● Data listing:
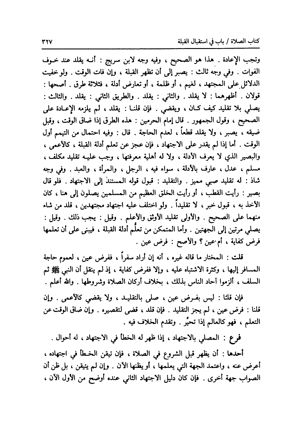 وتجب الاعادة. هذا هو الصحيح، وفيه وجه لابن سريج: أنه يقلد عند خوف الفوات. وفي وجه ثالث: يصبر إلى أن تظهر القبلة، وإن فات الوقت. ولو خفيت الدلائل على المجتهد، لغيم، أو ظلمة، أو تعارض أدلة، فثلاثة طرق. أصحها: قولان. أظهرهما: لا يقلد. والثاني: يقلد. والطريق الثاني: يقلد. والثالث: يصلي بلا تقليد كيف كان، ويقضي. فإن قلنا: يقلد، لم يلزمه الاعادة على الصحيح، وقول الجمهور. قال إمام الحرمين: هذه الطرق إذا ضاق الوقت، وقبل ضيقه، يصبر، ولا يقلد قطعا، لعدم الحاجة. قال: وفيه احتمال من التيمم أول الوقت. أما إذا لم يقدر على الاجتهاد، فإن عجز عن تعلم أدلة القبلة، كالاعمى، والبصير الذي لا يعرف الادلة، ولا له أهلية معرفتها، وجب عليه تقليد مكلف، مسلم، عدل، عارف بالادلة، سواء فيه، الرجل، والمرأة، والعبد. وفي وجه شاذ: له تقليد صبي مميز. والتقليد: قبول قوله المستند إلى الاجتهاد. فلو قال بصير: رأيت القطب، أو رأيت الخلق العظيم من المسلمين يصلون إلى هنا، كان الاخذ به، قبول خبر، لا تقليدا. ولو اختلف عليه اجتهاد مجتهدين، قلد من شاء منهما على الصحيح. والاولى تقليد الاوثق والاعلم. وقيل: يجب ذلك. وقيل: يصلي مرتين إلى الجهتين، وأما المتمكن من تعلم أدلة القبلة فيبنى على أن تعلمها فرض كفاية، أم عين ؟ والاصح: فرض عين. قلت: المختار ما قاله غيره، أنه إن أراد سفرا، ففرض عين، لعموم حاجة المسافر إليها، وكثرة الاشتباه عليه، وإلا ففرض كفاية، إذا لم ينقل أن النبي - صلى الله عليه وسلم - ثم السلف، ألزموا آحاد الناس بذلك، بخلاف أركان الصلاة وشروطها. والله أعلم. فإن قلنا: ليس بفرض عين، صلى بالتقليد، ولا يقضي كالاعمى. وإن قلنا: فرض عين، لم يجز التقليد. فإن قلد، قضى لتقصيره. وإن ضاق الوقت عن التعلم، فهو كالعالم إذا تحير. وتقدم الخلاف فيه. فرع: المصلي بالاجتهاد، إذا ظهر له الخطأ في الاجتهاد، له أحوال. أحدها: أن يظهر قبل الشروع في الصلاة، فإن تيقن الخطأ في اجتهاده، أعرض عنه، واعتمد الجهة التي يعلمها، أو يظنها الآن. وإن لم يتيقن، بل ظن أن الصواب جهة أخرى. فإن كان دليل الاجتهاد الثاني عنده أوضح من الاول الآن،
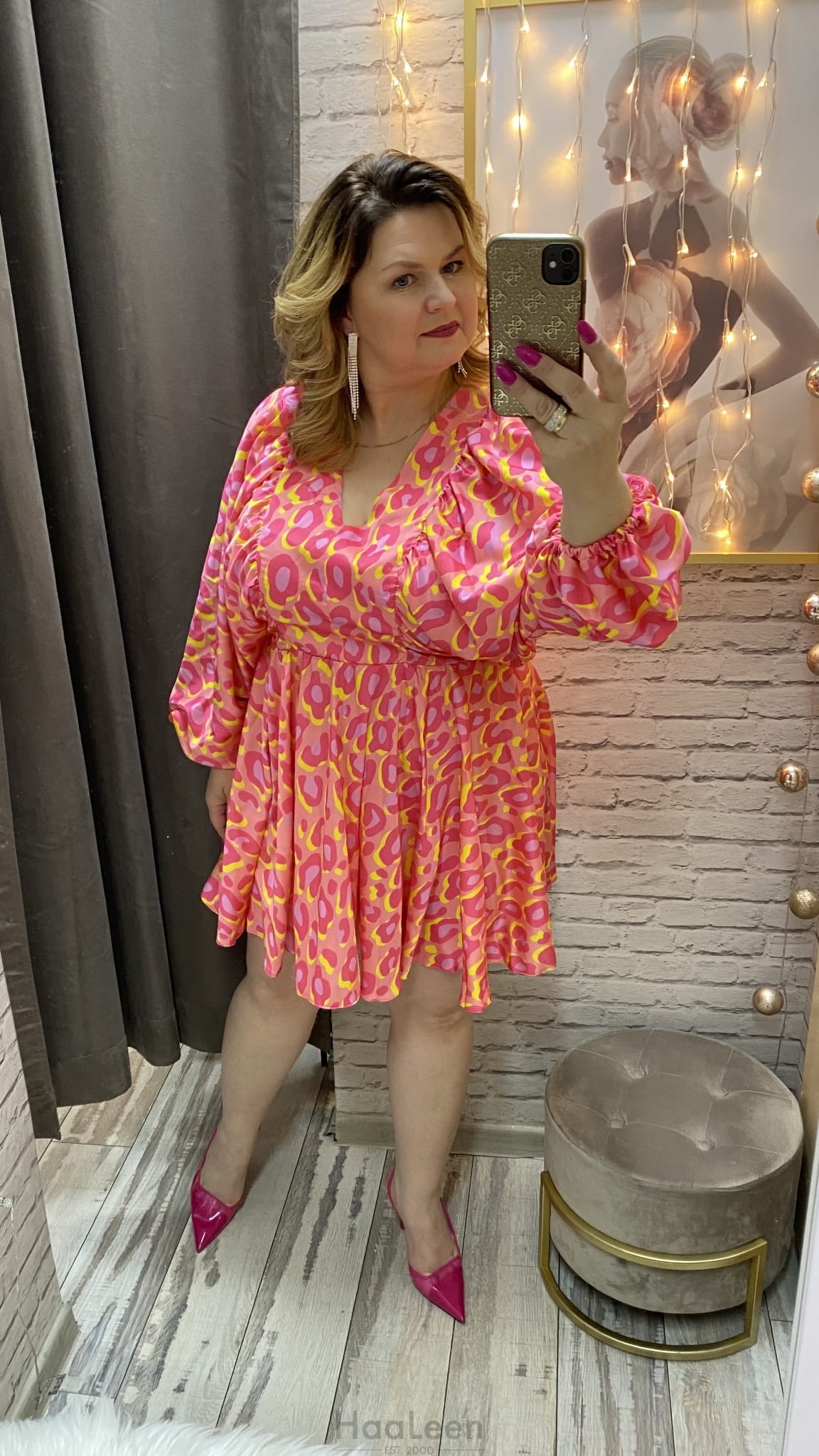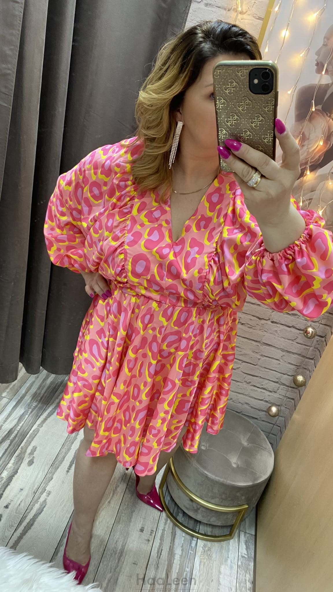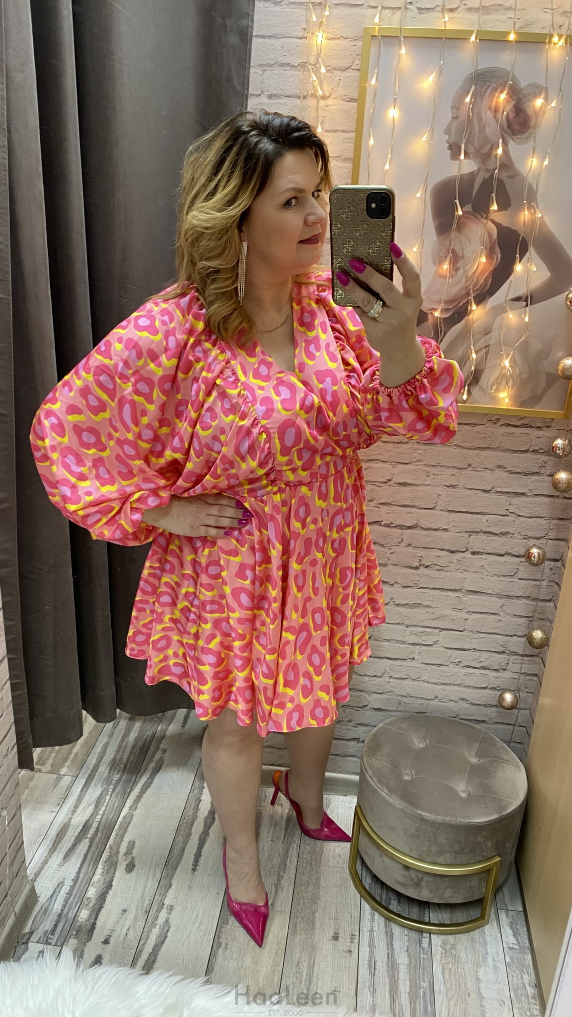 długość: mini , rekaw 3/4., gumka w tali,
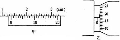 3、实验题 游标卡尺和螺旋测微器是两种常用的测量长度的精密仪器。如图甲所示的游标卡尺,主尺的最小分度是1mm,游标上有20个小的等分刻度,图示状态的读数是___? _____mm;用如图乙所示螺旋测微器测量一根金属丝的直径的读数是____________mm。
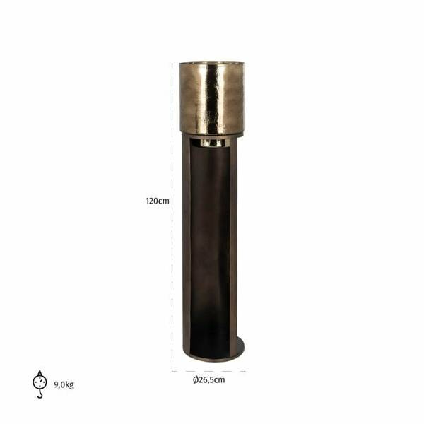 RICHMOND świecznik DANE L. Elegancka dekoracja wykonana z metalu i szkła, dostępna w dwóch rozmiarach, co pozwala na stworzenie harmonijnego zestawu dekoracyjnego. Minimalistyczna, cylindryczna forma oraz efektowne wykończenie nadają luksusowy wygląd, który idealnie wpisuje się w nowoczesne wnętrza. Umieszczenie świecznika w parze, z każdym rozmiarem ustawionym obok siebie, potęguje efekt wizualny, wprowadzając wyjątkowy klimat i tworząc nastrojowe chwile. Dane to doskonały wybór dla osób ceniących wyrafinowaną prostotę i styl. Wymiary: wys. 120 cm / szer. 26,5 cm / gł. 26,5 cm Waga netto: 9 kg.
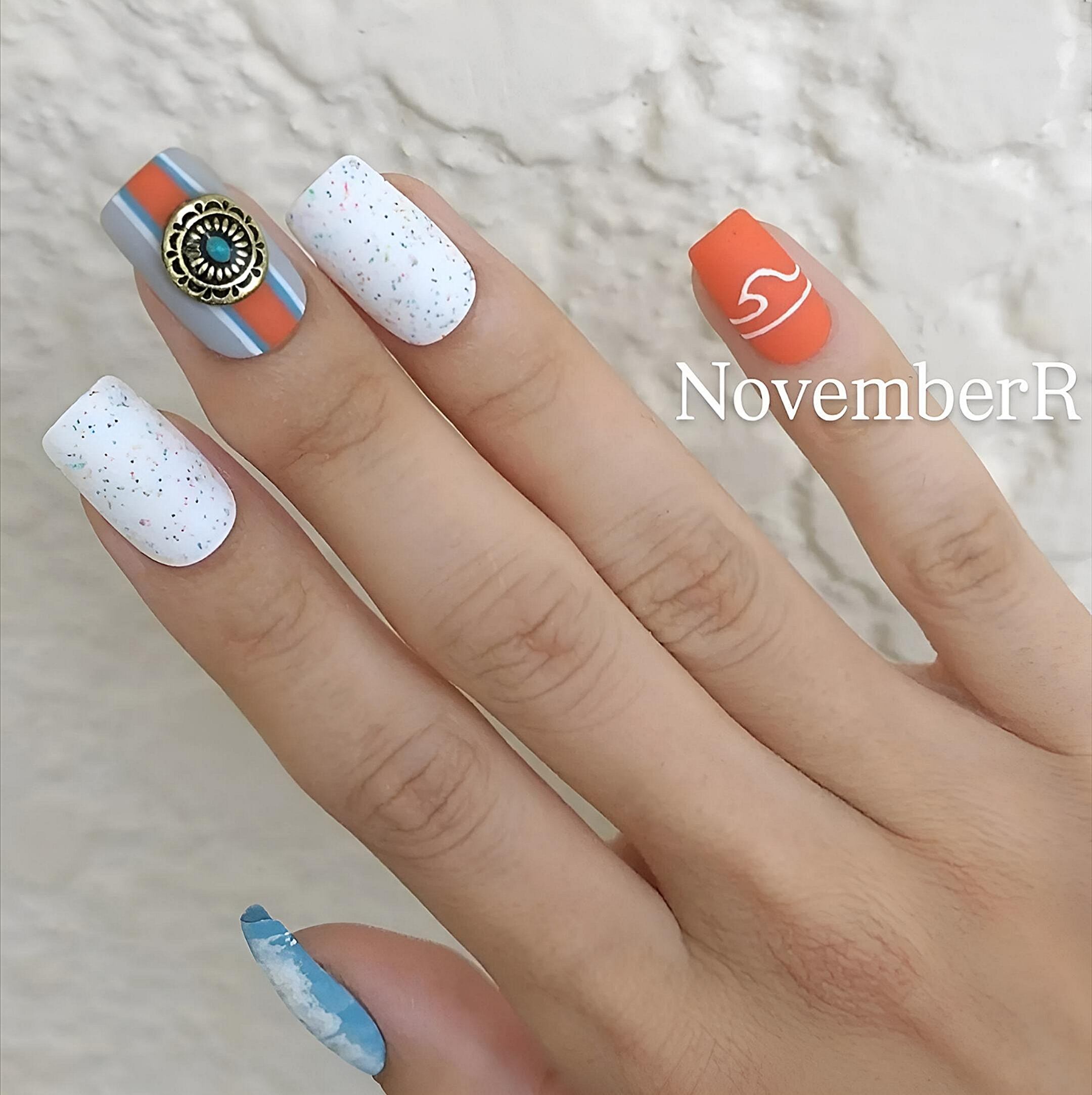 カラフルなツブツブの入った可愛いジェルのワンカラーで西海岸風~仕上げにマット
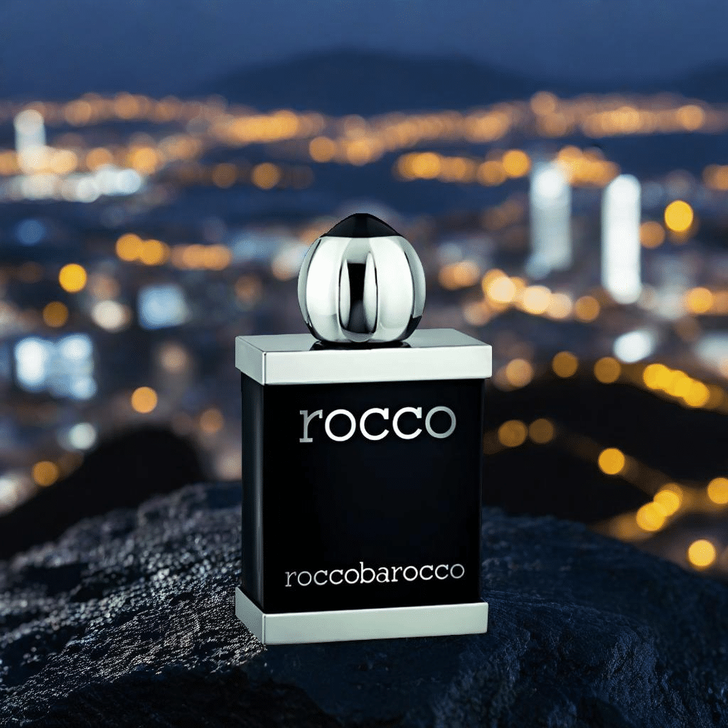 Rocco Black by Roccobarocco: a luxurious, long-lasting Eau de Toilette with citrusy-spicy notes, perfect for the modern, sophisticated man.
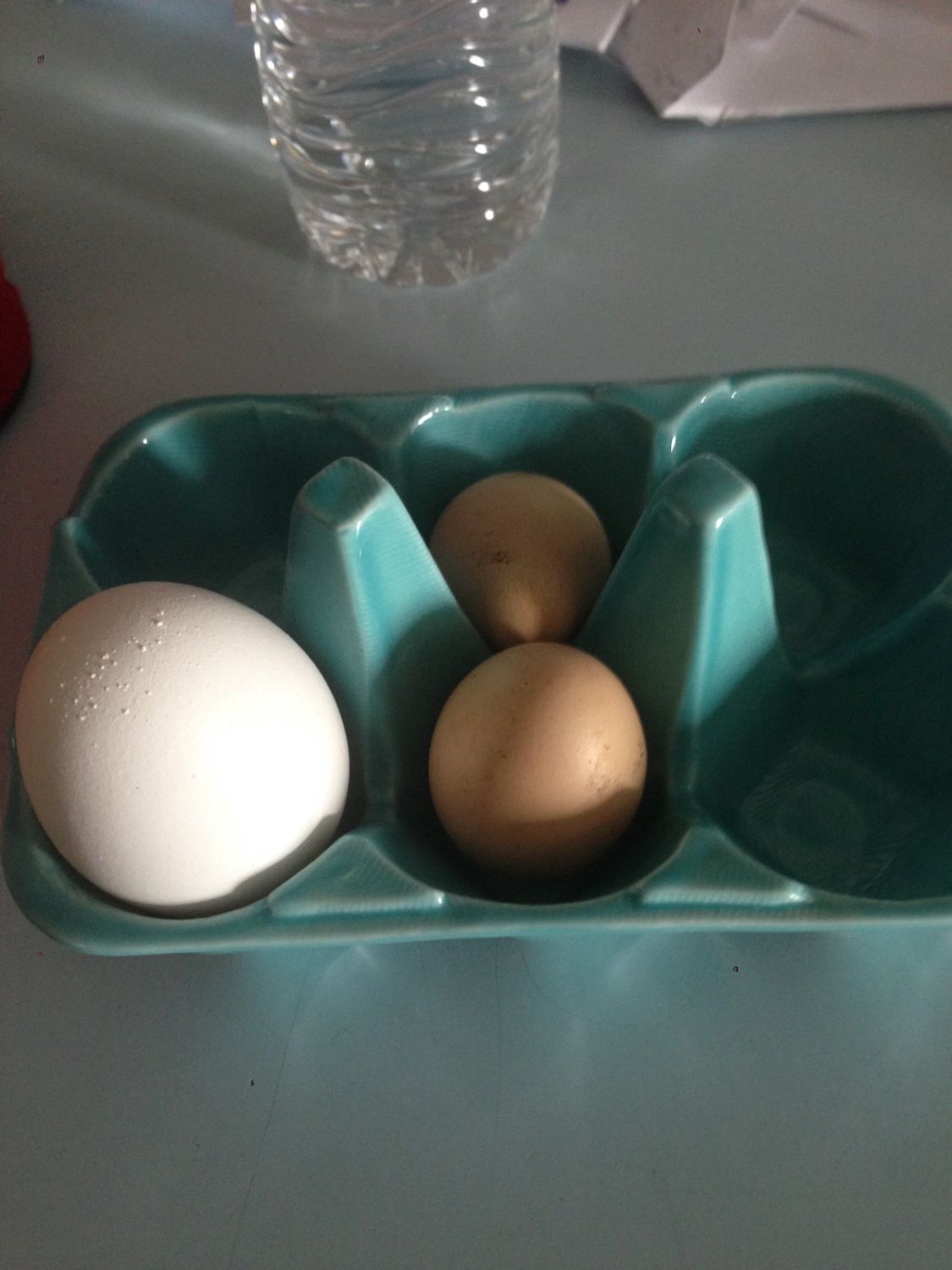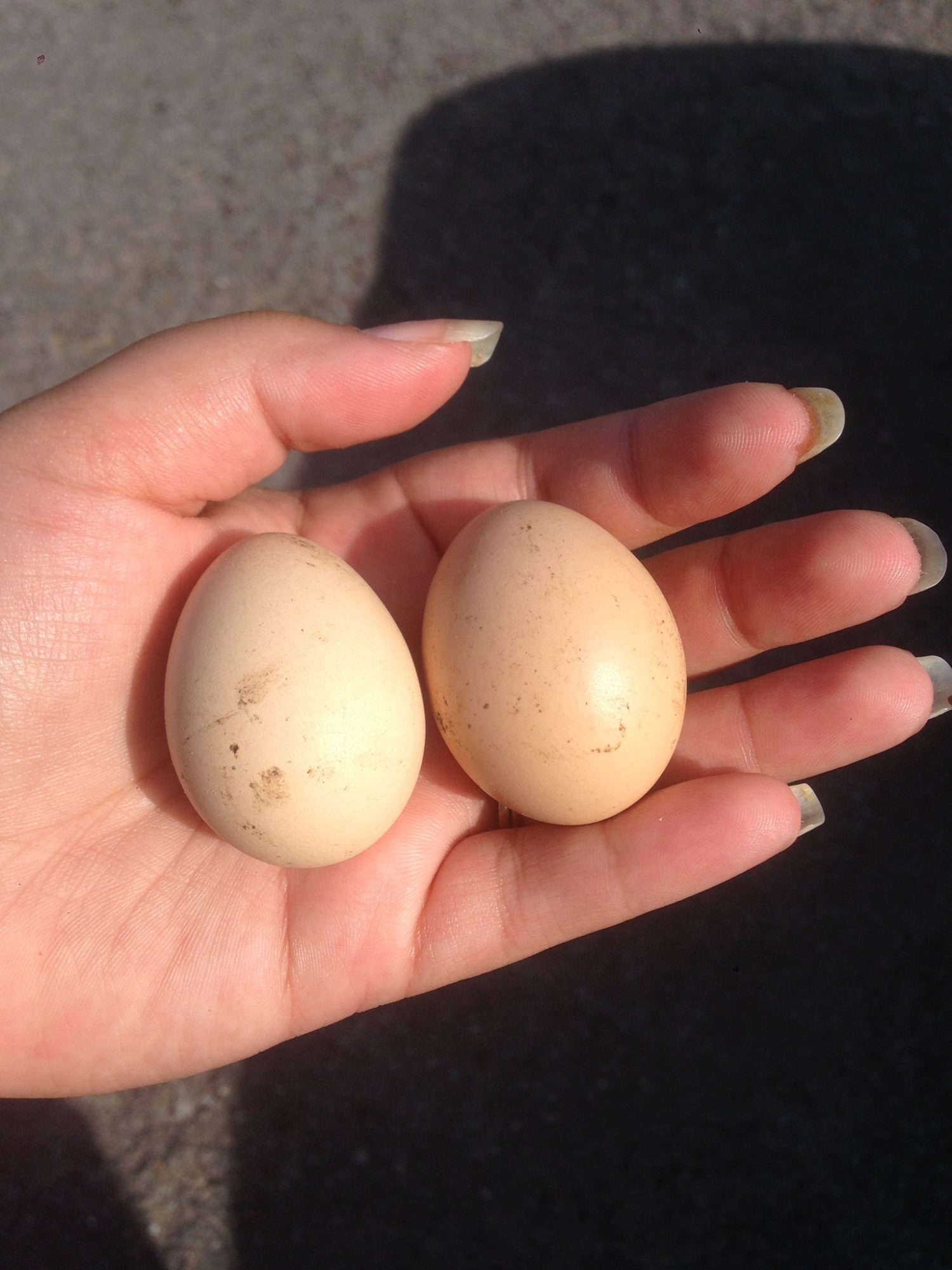 This is my first year raising chickens. I have 14 right now 7 of them are 18 weeks old and 7 of them are 13 weeks old. I wasn't expecting anyone to lay eggs yet, but today I noticed one in the coop and one in the run. Both eggs are roughly the same size, although one is a bit smaller, and they look similar so perhaps they are being laid by the same lady. I was wondering if anyone could tell me which chicken lays eggs like this?

● Task objective: In the copy, include no pictures; transcribe every record above verbatim.

● Result for this exercise:
 وتجب الاعادة. هذا هو الصحيح، وفيه وجه لابن سريج: أنه يقلد عند خوف الفوات. وفي وجه ثالث: يصبر إلى أن تظهر القبلة، وإن فات الوقت. ولو خفيت الدلائل على المجتهد، لغيم، أو ظلمة، أو تعارض أدلة، فثلاثة طرق. أصحها: قولان. أظهرهما: لا يقلد. والثاني: يقلد. والطريق الثاني: يقلد. والثالث: يصلي بلا تقليد كيف كان، ويقضي. فإن قلنا: يقلد، لم يلزمه الاعادة على الصحيح، وقول الجمهور. قال إمام الحرمين: هذه الطرق إذا ضاق الوقت، وقبل ضيقه، يصبر، ولا يقلد قطعا، لعدم الحاجة. قال: وفيه احتمال من التيمم أول الوقت. أما إذا لم يقدر على الاجتهاد، فإن عجز عن تعلم أدلة القبلة، كالاعمى، والبصير الذي لا يعرف الادلة، ولا له أهلية معرفتها، وجب عليه تقليد مكلف، مسلم، عدل، عارف بالادلة، سواء فيه، الرجل، والمرأة، والعبد. وفي وجه شاذ: له تقليد صبي مميز. والتقليد: قبول قوله المستند إلى الاجتهاد. فلو قال بصير: رأيت القطب، أو رأيت الخلق العظيم من المسلمين يصلون إلى هنا، كان الاخذ به، قبول خبر، لا تقليدا. ولو اختلف عليه اجتهاد مجتهدين، قلد من شاء منهما على الصحيح. والاولى تقليد الاوثق والاعلم. وقيل: يجب ذلك. وقيل: يصلي مرتين إلى الجهتين، وأما المتمكن من تعلم أدلة القبلة فيبنى على أن تعلمها فرض كفاية، أم عين ؟ والاصح: فرض عين. قلت: المختار ما قاله غيره، أنه إن أراد سفرا، ففرض عين، لعموم حاجة المسافر إليها، وكثرة الاشتباه عليه، وإلا ففرض كفاية، إذا لم ينقل أن النبي - صلى الله عليه وسلم - ثم السلف، ألزموا آحاد الناس بذلك، بخلاف أركان الصلاة وشروطها. والله أعلم. فإن قلنا: ليس بفرض عين، صلى بالتقليد، ولا يقضي كالاعمى. وإن قلنا: فرض عين، لم يجز التقليد. فإن قلد، قضى لتقصيره. وإن ضاق الوقت عن التعلم، فهو كالعالم إذا تحير. وتقدم الخلاف فيه. فرع: المصلي بالاجتهاد، إذا ظهر له الخطأ في الاجتهاد، له أحوال. أحدها: أن يظهر قبل الشروع في الصلاة، فإن تيقن الخطأ في اجتهاده، أعرض عنه، واعتمد الجهة التي يعلمها، أو يظنها الآن. وإن لم يتيقن، بل ظن أن الصواب جهة أخرى. فإن كان دليل الاجتهاد الثاني عنده أوضح من الاول الآن،
 długość: mini , rekaw 3/4., gumka w tali,
 3、实验题 游标卡尺和螺旋测微器是两种常用的测量长度的精密仪器。如图甲所示的游标卡尺,主尺的最小分度是1mm,游标上有20个小的等分刻度,图示状态的读数是___? _____mm;用如图乙所示螺旋测微器测量一根金属丝的直径的读数是____________mm。
 RICHMOND świecznik DANE L. Elegancka dekoracja wykonana z metalu i szkła, dostępna w dwóch rozmiarach, co pozwala na stworzenie harmonijnego zestawu dekoracyjnego. Minimalistyczna, cylindryczna forma oraz efektowne wykończenie nadają luksusowy wygląd, który idealnie wpisuje się w nowoczesne wnętrza. Umieszczenie świecznika w parze, z każdym rozmiarem ustawionym obok siebie, potęguje efekt wizualny, wprowadzając wyjątkowy klimat i tworząc nastrojowe chwile. Dane to doskonały wybór dla osób ceniących wyrafinowaną prostotę i styl. Wymiary: wys. 120 cm / szer. 26,5 cm / gł. 26,5 cm Waga netto: 9 kg.
 カラフルなツブツブの入った可愛いジェルのワンカラーで西海岸風~仕上げにマット
 Rocco Black by Roccobarocco: a luxurious, long-lasting Eau de Toilette with citrusy-spicy notes, perfect for the modern, sophisticated man.
 This is my first year raising chickens. I have 14 right now 7 of them are 18 weeks old and 7 of them are 13 weeks old. I wasn't expecting anyone to lay eggs yet, but today I noticed one in the coop and one in the run. Both eggs are roughly the same size, although one is a bit smaller, and they look similar so perhaps they are being laid by the same lady. I was wondering if anyone could tell me which chicken lays eggs like this?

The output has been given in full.